2. Launch the server and send requests

Launching a synchronous server based on the latest llama.cpp release version

import os
from dotenv import load_dotenv
from openai import OpenAI
from llama_cpp_py import LlamaSyncServer


# environment variables for llama.cpp
load_dotenv(dotenv_path='.llama.env')

# auto-download last release and start server
# set verbose=True to display server logs
server = LlamaSyncServer()
server.start(verbose=True)


# sending requests with OpenAI client
client = OpenAI(
	base_url=server.server_url + '/v1',
	api_key='sk-no-key-required',
)
response = client.chat.completions.create(
    model='local',
    messages=[{'role': 'user', 'content': 'Hello!'}]
)

# stopping the server
server.stop()

Launching an asynchronous server based on a specific release version

import os
import asyncio
from openai import AsyncOpenAI
from dotenv import load_dotenv
from llama_cpp_py import LlamaAsyncServer, LlamaReleaseManager


# environment variables for llama.cpp
load_dotenv(dotenv_path='.llama.env')

# a) download a release by a specific tag with the 'cuda' priority in the title
# set tag='latest' to use the latest llama.cpp release version
# optionally specify priority_patterns to prefer certain builds (e.g. 'cuda' or 'cpu')
release_manager = LlamaReleaseManager(tag='b6780', priority_patterns=['cuda'])

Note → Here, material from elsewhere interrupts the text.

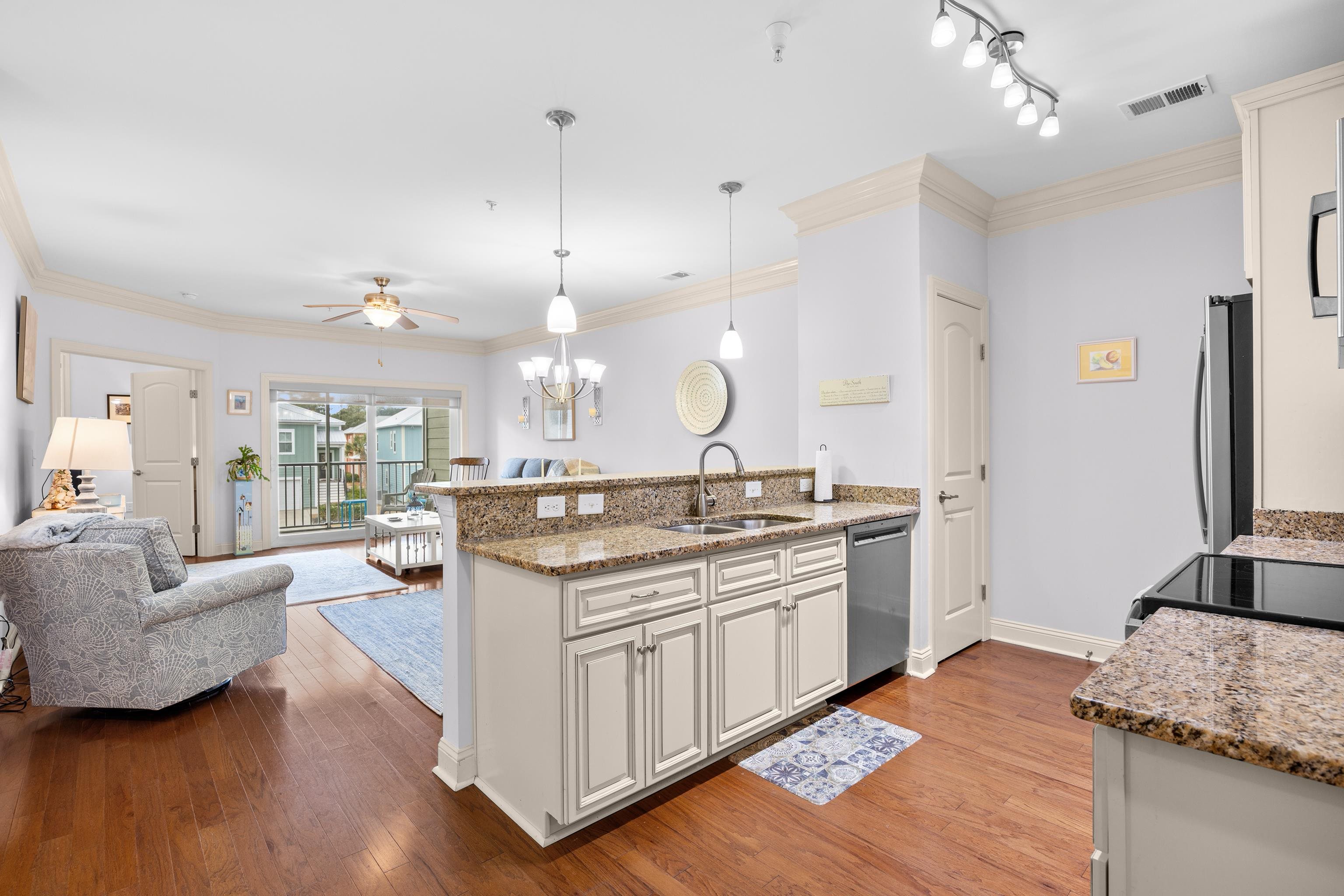 Charming and efficient, this lovely 3-bedroom, 2-bath Mingo condo offers affordable easy living near the beach. Additional features to love include the modern kitchen with stainless steel appliances, open concept split-bedroom floor plan, beautiful wood and tile floors, ceiling fans throughout, and screened porch with pond view. Finishing touches include plantation shutters, custom slider door shades, and custom-designed closet in the primary bedroom. New HVAC one year ago. The second floor location in this low-rise complex provides access via an elevator as well as exterior covered stairs. Common area parking in front. Community pool and picnic grilling area nearby. The Village at Mingo is right along the Waccamaw Bikeway and walkable to popular local eateries, a grocery store, gym, bakery, salons, and the Waccamaw Library. Convenient driving distance to nationally recognized golf courses, fine local shops and art galleries, Brookgreen Gardens, and Huntington Beach State Park - all right in your own backyard. Myrtle Beach is 20 miles north and Charleston is an easy day trip away. Fine Coastal Living made possible.

# b) or set a specific release url in zip format
# release_manager = LlamaReleaseManager(
#     release_zip_url='https://github.com/ggml-org/llama.cpp/releases/download/b6780/llama-b6780-bin-win-cuda-12.4-x64.zip'
# )

# c) or selecting the compiled directory llama.cpp
# release_manager = LlamaReleaseManager(release_dir='/content/llama.cpp/build/bin')
	
async def main():
    # start llama.cpp server (set verbose=True to display server logs)
    llama_server = LlamaAsyncServer(verbose=False, release_manager=release_manager)
    await llama_server.start()

    # sending requests with OpenAI client
    client = AsyncOpenAI(
        base_url=f'{llama_server.server_url}/v1',
        api_key='sk-no-key-required',
    )
    stream_response = await client.chat.completions.create(
        model='local',
        messages=[{'role': 'user', 'content': 'How are you?'}],
        stream=True,
        temperature=0.8,
        max_tokens=-1,
        extra_body=dict(
            top_k=40,
            reasoning_format='none',
            chat_template_kwargs=dict(
                enable_thinking=True,
            ),
        ),
    )
    full_response = ''
    async for chunk in stream_response:
        if (token := chunk.choices[0].delta.content) is not None:
            full_response += token
            print(token, end='', flush=True)

    # stopping the server
    await llama_server.stop()

if __name__ == '__main__':
    asyncio.run(main())

Use Context manager

import os
from openai import AsyncOpenAI
from llama_cpp_py import LlamaAsyncServer

os.environ['LLAMA_ARG_MODEL_URL'] = 'https://huggingface.co/bartowski/google_gemma-3-4b-it-GGUF/resolve/main/google_gemma-3-4b-it-Q4_K_S.gguf'

async with LlamaAsyncServer() as server:
    client = AsyncOpenAI(
        base_url=f'{server.server_url}/v1',
        api_key='sk-no-key-required',
    )
    stream_response = await client.chat.completions.create(
        model='local',
        messages=[{'role': 'user', 'content': 'Hello!'}],
        stream=True,
    )
    full_response = ''
    async for chunk in stream_response:
        if (token := chunk.choices[0].delta.content) is not None:
            full_response += token
            print(token, end='', flush=True)

Enviroment Variables

Environment variables for llama-cpp-py

[!NOTE] Function arguments override environment variables. For example:

server = LlamaSyncServer(llama_dir='/path/bin')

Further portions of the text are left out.